Anda di halaman 1dari 3

MEMAHAMI KONDISI HUKUM INDONESIA

Indonesia adalah negara hukum yang dimana mengutamakan landasan hukum dalam semua
aktivitas, yang dinyatakan pada undang-undang pasal 1 ayat 3 UUD 1945. Kemudian
sebenarnya masyarakat, mahasiswa, pelajar harus paham akan hukum tidak mengabaikan
begitu saja, disebabkan pengaruh hukum sangat penting di kehidupan kita, karena semua
perbuatan dan tindakan berlandaskan hukum di dalam peraturan perundang-undangan,
selanjutnya setelah mengetahui aturan hukum maka seseorang akan mengetahui hak,
kewajibannya dan tahu apa yang harus ia lakukan ketika dihadapkan pada masalah hukum.
Dan ketika seseorang melanggar hukum maka ia harus terkena sanksi, ketika kita memahami
akan hukum maka kita juga akan mengetahui akan tujuan dari sebuah hukum yaitu
menerapkan kebenaran, kedamaian dan menjamin keadilan bagi seluruh warga negaranya.

Namun, nyatanya sebaliknya banyak kasus yang kita lihat bersama, sabotase, diskriminasi,
pengistimewaan bagi yang di atas dalam menangani kasus.
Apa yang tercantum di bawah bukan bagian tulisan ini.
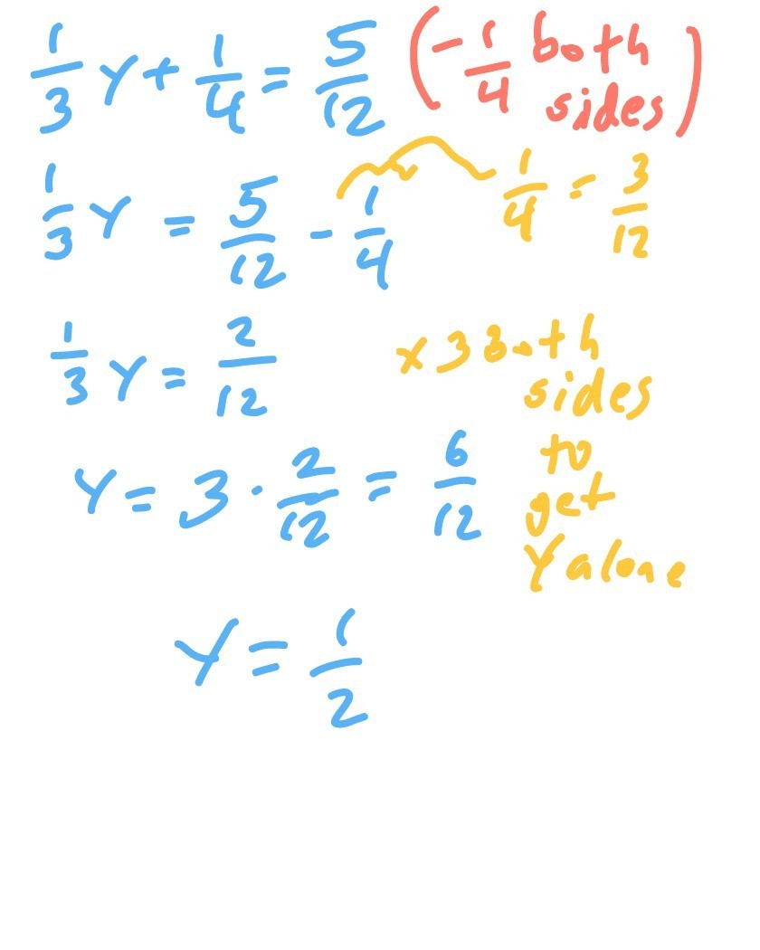 both start out the same, just remember what you do to one side you have to do to the other, so subtract both sides by 1/4, then you want to get y alone, so either divide or multiply the 3 on both sides! let me know which it is and I can help you out more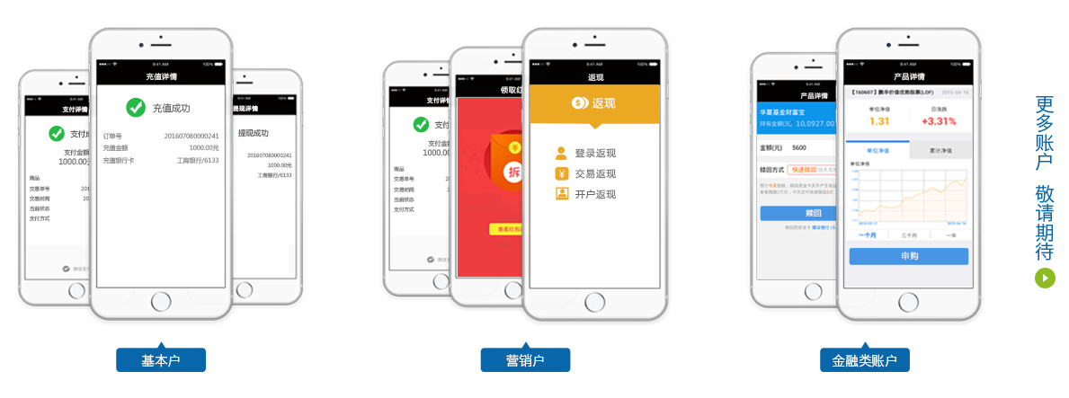 支持支付宝、微信、银联、QQ钱包、快钱等主流支付渠道,让您拥有PC网页支付、扫码支付、手机APP支付、移动HTML5支付、微信公众号支付。

Bisa dikatakan hukum tajam ke
bawah tumpul ke atas, istilah ini tepat untuk mendeskripsikan kondisi penegak hukum
Indonesia. Akan tetapi, menurut aturan hukum ini adalah benar. Masyarakat mengungkapkan,
hukum bisa dibeli oleh yang punya jabatan, kekuasaan dan yang memiliki uang berlimpah
pasti akan aman dari aturan maupun belenggu sanksi. Sebaliknya, hukum berbeda pada orang
yang di bawah seakan hukum dapat untuk dipermainkan.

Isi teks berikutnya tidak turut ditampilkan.